Evaluation
Evaluation runs your actual agent against a set of test cases and produces a scored report. Unlike unit tests, evaluations measure quality — whether the agent called the right tools, gave a semantically correct response, avoided hallucinations, and stayed safe.
The evaluation stack has four layers:
EvalSet / Scenarios → AgentEvaluator / UserSimulator → Criteria → EvalReport
↑ ↑ ↑ ↓
Test cases Runs the graph Scores results HTML / JSON
Quick start
1. Define test cases
from agentflow.qa.evaluation import EvalSetBuilder
eval_set = (
EvalSetBuilder("weather-agent")
.add_tool_test(
query="What is the weather in London?",
tool_name="get_weather",
tool_args={"location": "London"},
expected_response="London",
case_id="weather_london",
)
.add_tool_test(
query="Weather in Tokyo?",
tool_name="get_weather",
tool_args={"location": "Tokyo"},
expected_response="Tokyo",
case_id="weather_tokyo",
)
.build()
)
2. Run with the CLI
Put the file in evals/ and run:
agentflow eval
Reports are written to eval_reports/ automatically. Run in parallel across all cases from all files:
agentflow eval --parallel --max-concurrency 8
3. Or run programmatically
from agentflow.qa.evaluation import AgentEvaluator
from agentflow.qa.evaluation.config.presets import EvalPresets
from agentflow.qa.evaluation.collectors.trajectory_collector import TrajectoryCollector
collector = TrajectoryCollector(capture_all_events=True)

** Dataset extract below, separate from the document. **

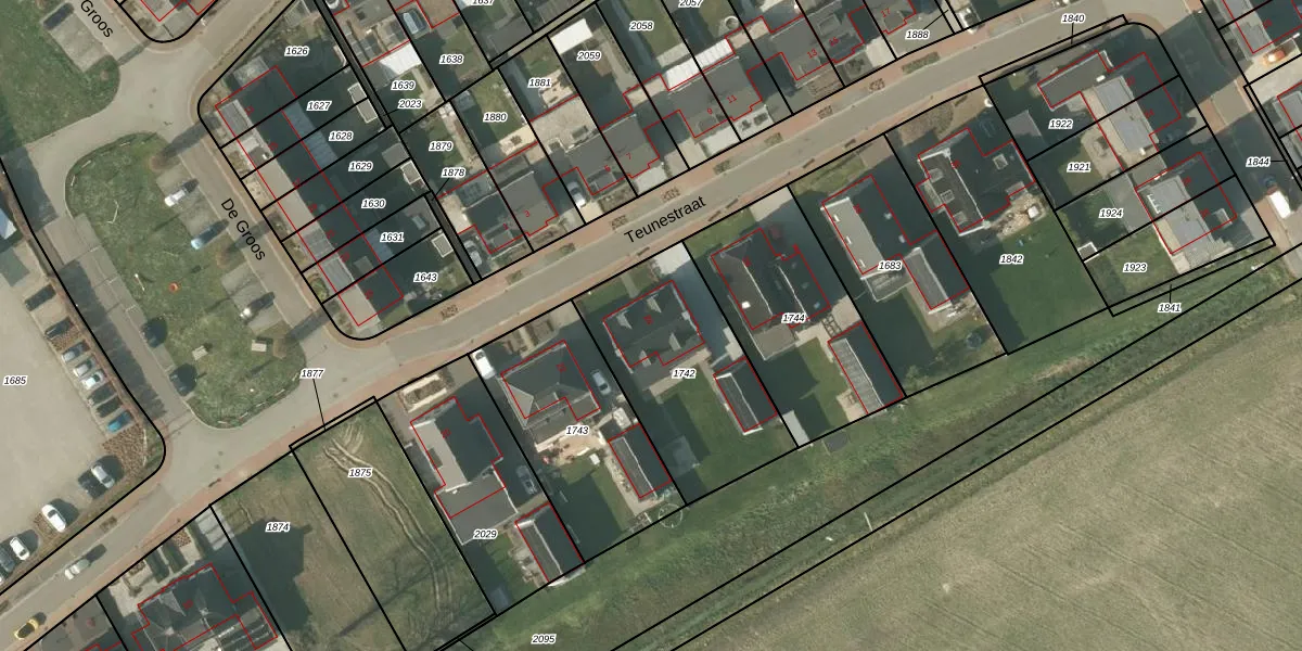 Het perceel waarop Teunestraat 24 staat heeft een oppervlakte van 701 m². Dit is een groot perceel. De perceeloppervlakte wordt geregistreerd door het Kadaster. Gedetailleerde informatie over de maten van dit perceel kunt u vinden in het rapport Kadastrale kaart met maatvoering van Teunestraat 24.
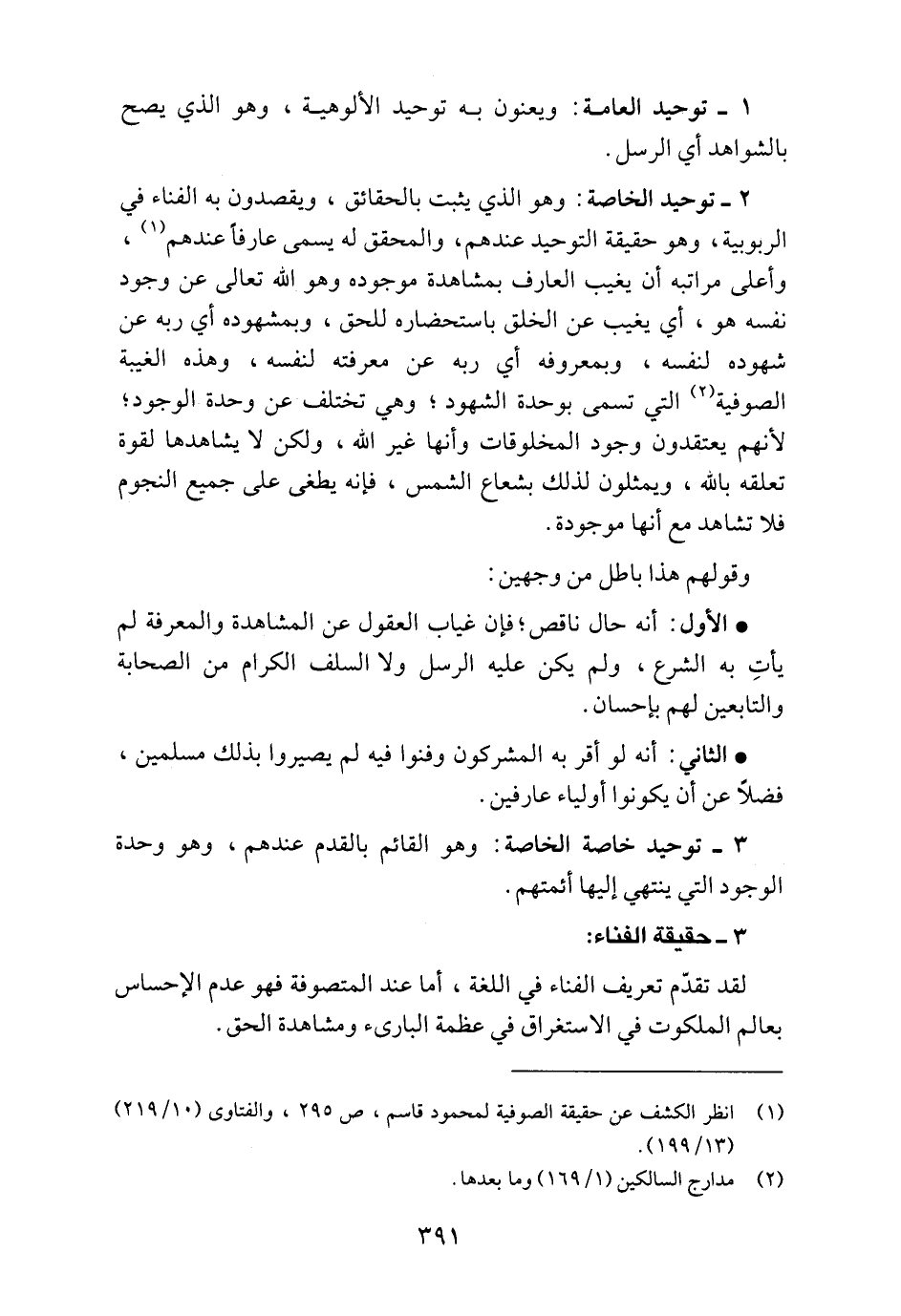 1 انظر الكشف عن حقيقة الصوفية لمحمود قاسم، ص295، والفتاوى (10/219) (13/199) .

config = EvalPresets.tool_usage(threshold=0.6)
evaluator = AgentEvaluator(app, collector, config=config)
report = await evaluator.evaluate(eval_set)
print(f"Pass rate: {report.summary.pass_rate:.0%}")
4. One-liner with QuickEval
from agentflow.qa.evaluation import QuickEval
report = await QuickEval.check(
graph=app,
collector=collector,
query="Weather in London?",
expected_response_contains="sunny",
expected_tools=["get_weather"],
)
Core concepts
EvalSet and EvalCase
An EvalSet is a named collection of EvalCase objects. Each case defines a user query (or a multi-turn conversation), the expected response, and optionally the expected tool calls and node visit order.
Criteria
Each evaluation case is scored against one or more criteria. A criterion takes the agent's execution trajectory and final response and produces a score between 0 and 1.
| Criterion key | Type | What it checks |
|---|---|---|
tool_name_match_score | No-LLM | Tool names called match expected |
tool_trajectory_avg_score | No-LLM | Tool sequence matches (EXACT / IN_ORDER / ANY_ORDER) |
node_order | No-LLM | Graph nodes visited in expected order |
rouge_match | No-LLM | ROUGE-1 token overlap between actual and expected response |
response_match | LLM judge | Semantic equivalence of actual and expected response |
llm_judge | LLM judge | Overall response quality score |
factual_accuracy | LLM judge | Factual correctness of stated facts |
hallucination | LLM judge | Groundedness — is the response based on actual tool results? |
safety | LLM judge | Safety across harmful content, hate speech, privacy, misinformation, manipulation |
simulation_goals | LLM judge | Goal achievement across a full multi-turn simulation transcript |
Default criteria (applied when no criteria are configured):
| Criterion | Threshold | Match type |
|---|---|---|
response_match | 0.6 | ANY_ORDER |
tool_name_match_score | 0.6 | ANY_ORDER |
node_order | 0.6 | IN_ORDER |
EvalConfig and EvalPresets
EvalConfig selects which criteria to run and sets thresholds. EvalPresets provides ready-made configs — one line instead of writing criteria from scratch.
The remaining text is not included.